Recorded data>

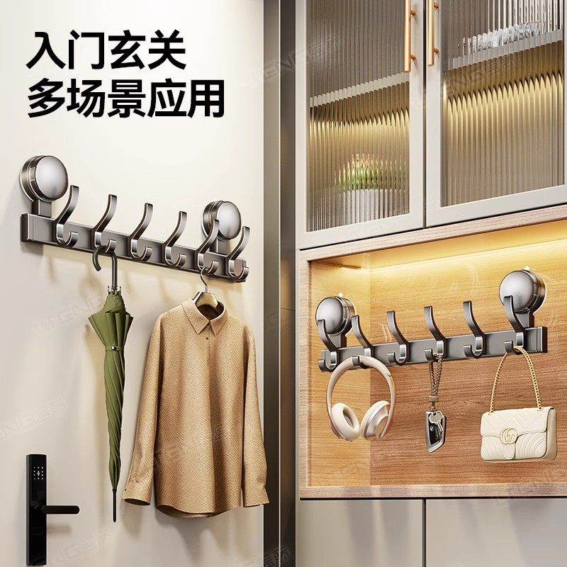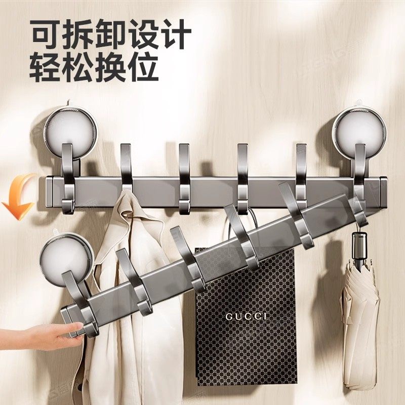 吸盘免打孔挂钩强力承重卫生间壁挂门后挂衣架浴室一排衣服毛巾灰
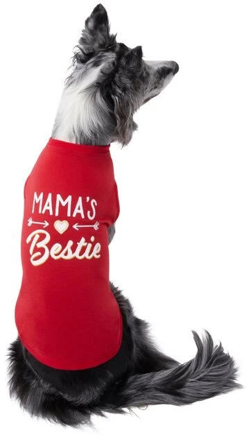 - T-shirt reads โMamaโs Bestie,โ making it a great staple in your petโs wardrobe.
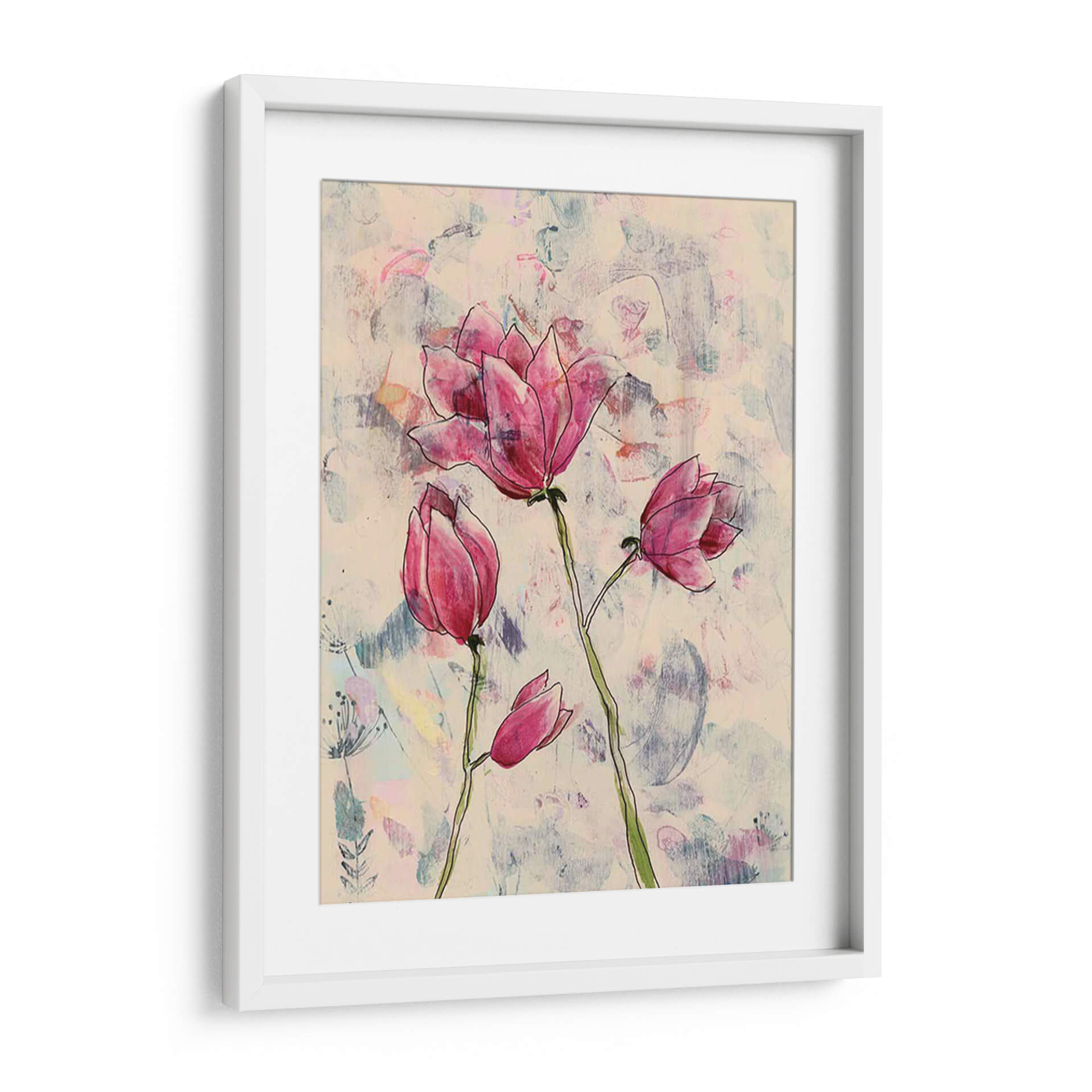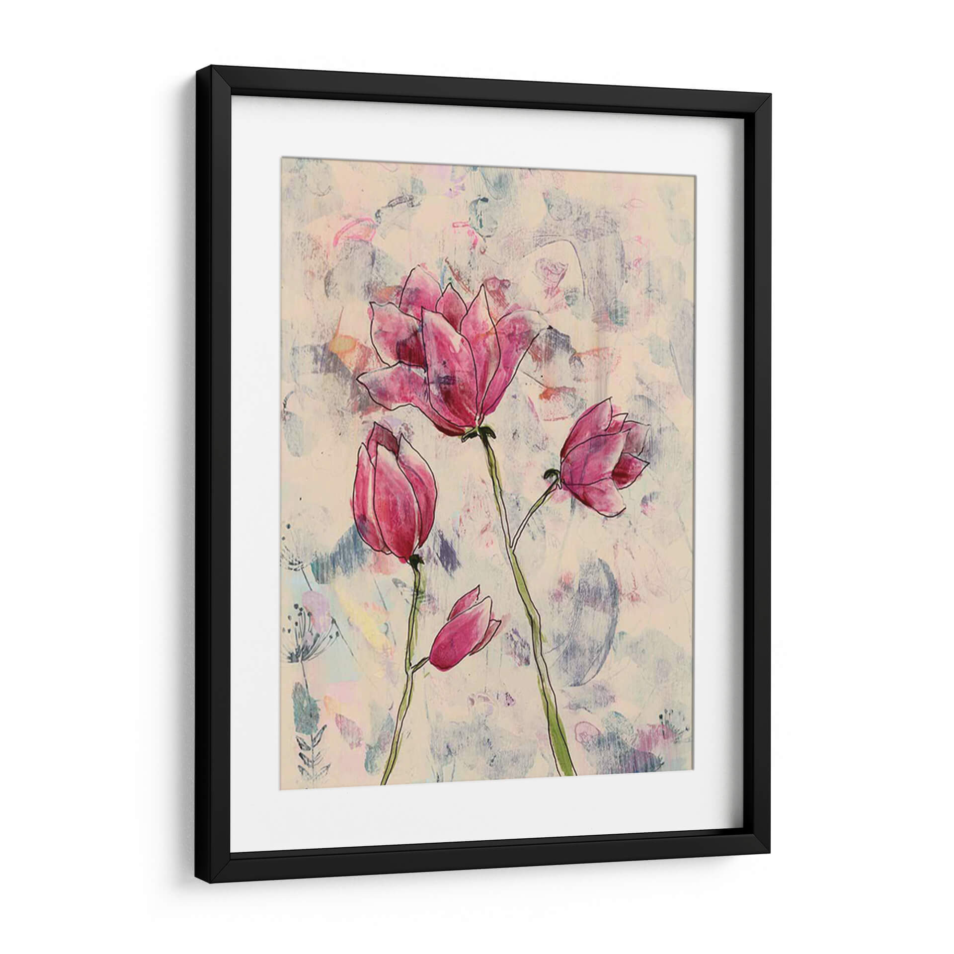 Embellece tu espacio con la delicadeza y el encanto de "Rosa Blume I", una obra de arte floral contemporáneo de Regina Moore. Este cuadro decorativo presenta un trío de flores de magnolia en vibrantes tonos rosados, con trazos de contorno negro que añaden un toque artístico y definido a sus pétalos. El fondo texturizado, una amalgama de tonos pastel, grises suaves y toques de color lavanda y coral, crea una atmósfera etérea y soñadora, evocando la dulzura de la primavera y la serenidad de la naturaleza. La composición, con las flores ascendiendo elegantemente, aporta una sensación de crecimiento y vitalidad. Ideal para infundir calma y belleza en un dormitorio, un rincón de lectura acogedor o como un punto de atención suave en una sala de estar. "Rosa Blume I" es más que una simple decoración; es una invitación a la contemplación y a la apreciación de la belleza efímera de las flores. Su estilo abstracto y delicado la convierte en una pieza versátil, capaz de complementar una amplia gama de estilos decorativos, desde el moderno hasta el bohemio o escandinavo, añadiendo un toque de color y sofisticación sutil. Transforma tu hogar u oficina en un santuario de paz y estilo con esta exquisita representación floral.

Assignment> Print the material above word for word, first line through the line with "- T-shirt reads", and leave every picture out.

Solution to the problem>
 吸盘免打孔挂钩强力承重卫生间壁挂门后挂衣架浴室一排衣服毛巾灰
 - T-shirt reads โMamaโs Bestie,โ making it a great staple in your petโs wardrobe.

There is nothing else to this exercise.